The next day, Livia and Junior call on Tony at home. Livia claims that she doesn't know who Meadow is; Junior later comments on the "good timing" of this apparent memory loss.

Deceased
 Donnie Paduana: shot by Mikey Palmice on orders of Uncle Junior.
 William "Petite" Clayborn: accidentally shot by his partner, Rasheen Ray, in the failed attempt on Tony Soprano's life.

Title reference
Isabella is the Italian exchange student Tony hallucinates.

Music
 The song played at the Bada Bing when Christopher and Silvio discuss Tony's depression is "Ugly Stadium" by Tipsy. 
 The song that is played twice during this episode (when Tony is in his bedroom, and again during the "carjacking") is "Tiny Tears" by Tindersticks.
 The song played as the would-be assassins are stalking Tony at the newsstand is "Cry" by Thornetta Davis
 The song that is played briefly after Tony's meeting with Dr.

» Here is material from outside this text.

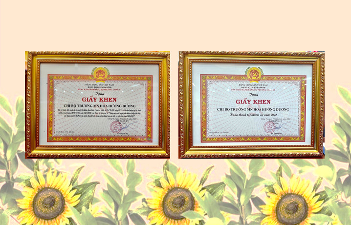 Ngày 30/01/2023, Đảng ủy - UBND phường Cống Vị long trọng tổ chức Hội nghị Sơ kết giữa nhiệm kỳ triển khai thực hiện Nghị quyết Đại hội Đảng Bộ phường Cống Vị lần thứ XIII (nhiệm kỳ 2020-2025); Tổng kết công tác xây dựng Đảng năm 2022 và Triển khai nhiệm vụ trọng tâm năm 2023. Chi bộ trường trường MN Hoa Hướng Dương cũng rất vinh dự được Ban chấp hành Đảng bộ phường Cống Vị tặng giấy khen: Chi bộ có thành tích xuất sắc trong triển khai thực hiện Chương trình số 09-CTr/QU ngày 19/12/2020 của Quận ủy Ba Đình và Chương trình số 07-CTr/QU ngày 12/11/2020 của Đảng ủy phường về “Nâng cao chất lượng văn hóa-xã hội-giáo dục; xây dựng người Hà Nội văn minh thanh lịch; tăng cường đảm bảo an sinh xã hội giai đoạn 2022-2025”; Chi bộ Hoàn thành tốt nhiệm vụ năm 2022;

Melfi, when he runs into Isabella, is "Ballad of Tindersticks (instrumental)" also by Tindersticks.
 The song played when Tony and Isabella have lunch is "Milonga del Angel" by Al Di Meola. 
 The song played while Mikey kills Donnie Paduana is "Temptation Waits" by Garbage.
 The song played over the end credits is "I Feel Free" by Cream.

Filming locations 
Listed in order of first appearance:

 Belleville, New Jersey
 Satin Dolls in Lodi, New Jersey
 North Caldwell, New Jersey
 Montclair, New Jersey
 Greenpoint, Brooklyn
 Van Vleck House in Montclair, New Jersey
 West Orange, New Jersey

Reception
Alan Sepinwall has lauded "Isabella" as one of the greatest episodes of The Sopranos. Emily St. James found the subplot with the titular character to be outlandish, but still described the episode as featuring "classic scene after classic scene".

References

External links
"Isabella"  at HBO

The Sopranos (season 1) episodes
1999 American television episodes
Television episodes directed by Allen Coulter

fr:Isabella (Les Soprano)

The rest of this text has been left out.